Mursi’s biggest problem: Egypt can’t feed itself nor generate funds to import food. So Cairo is forced to rely on the US and, now, Saudi Arabia and the United Arab Emirates, for a financial lifeline. Mursi’s coup has scared a lot of Egyptians and done nothing to burnish the reputation of political Islamists.Maybe Mohamed Mursi will indeed renounce his newly assumed powers once a democratic parliament opens and a new constitution enacted. If he does, he will be hailed as a second Pericles or George Washington. Alas, as Lord Acton so famously and wisely warned, “all power corrupts; ultimate power corrupts absolutely”.
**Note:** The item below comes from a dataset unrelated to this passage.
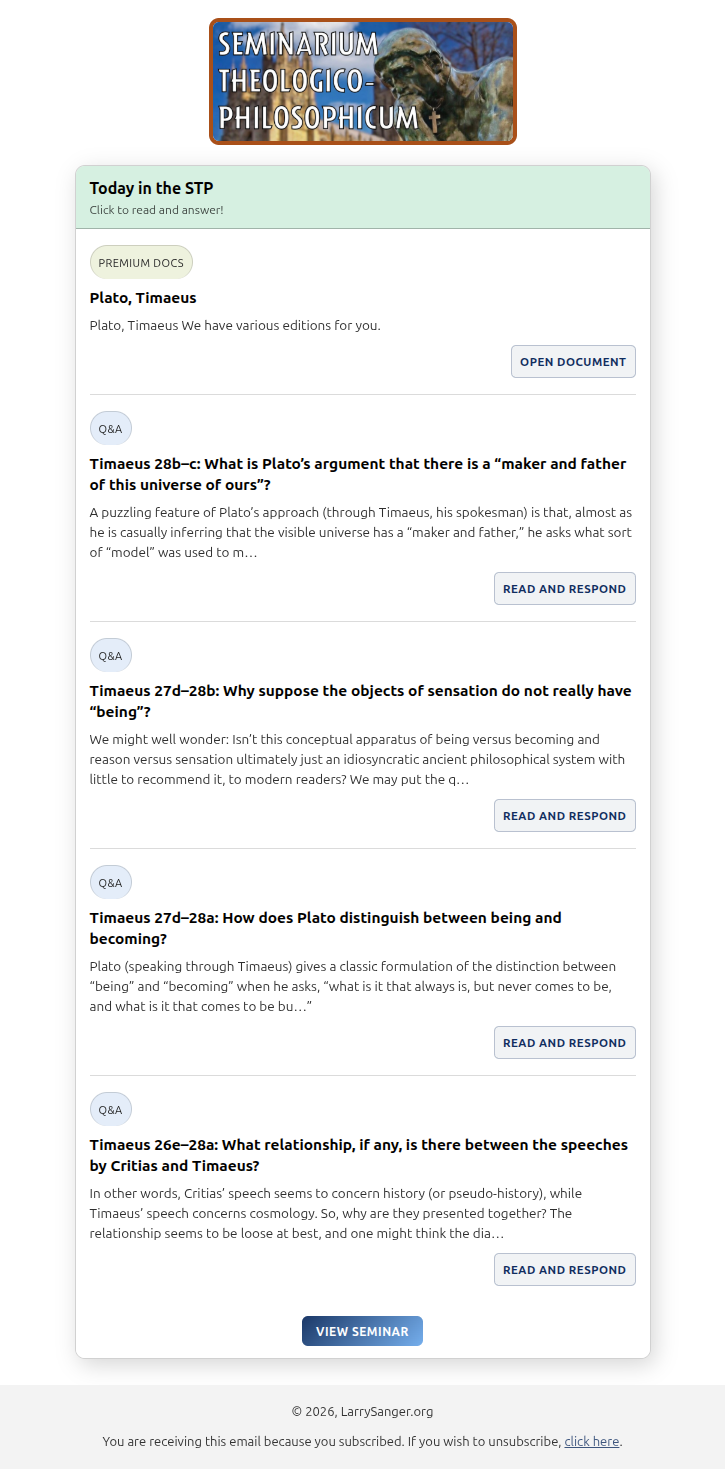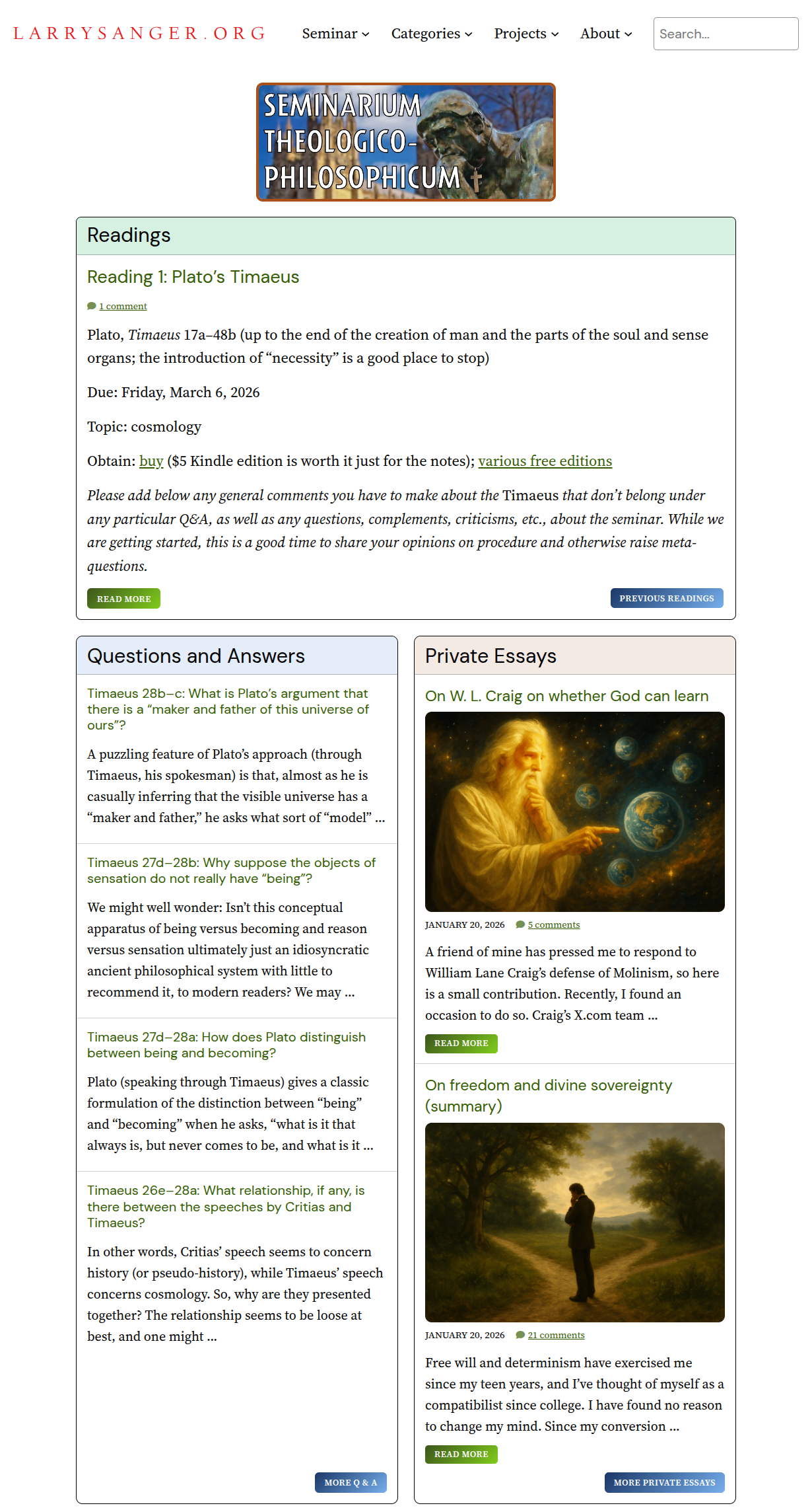 I call the reading group part Seminarium Theologico-Philosophicum, which is Latin for “Theological-Philosophical Seminar.”1 It also includes free essays, reading assignments, questions and answers, and more (see the seminar plan).

5 Hatching ideas by the dozens at MIT (Hannah Seligson in The New York Times) How do you take particles in a test tube, or components in a tiny chip, and turn them into a $100 million company? Dr. Robert Langer, 64, knows how. Since the 1980s, his Langer Lab at the Massachusetts Institute of Technology has spun out companies whose products treat cancer, diabetes, heart disease and schizophrenia, among other diseases, and even thicken hair. 
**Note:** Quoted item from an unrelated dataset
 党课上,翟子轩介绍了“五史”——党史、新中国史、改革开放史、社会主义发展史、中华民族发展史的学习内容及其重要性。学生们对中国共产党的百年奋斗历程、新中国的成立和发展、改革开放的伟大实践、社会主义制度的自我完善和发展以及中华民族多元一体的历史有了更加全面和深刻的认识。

A chemical engineer by training, Dr. Langer has helped start 25 companies and has 811 patents, issued or pending, to his name. That’s not too far behind Thomas Edison, who had 1,093. More than 250 companies have licensed or sublicensed Langer Lab patents. Along the way, Dr. Langer and his lab, including about 60 postdoctoral and graduate students at a time, have found a way to navigate some slippery territory: the intersection of academic research and the commercial market. 

Over the last 30 years, many universities — including MIT — have set up licensing offices that oversee the transfer of scientific discoveries to companies. These offices have become a major pathway for universities seeking to put their research to practical use, not to mention add to their revenue streams. In the sciences in particular, technology transfer has become a key way to bring drugs and other treatments to market. “The model of biomedical innovation relies on research coming out of universities, often funded by public money,” says Josephine Johnston, director of research at the Hastings Center, a bioethics research organization based in Garrison, NY.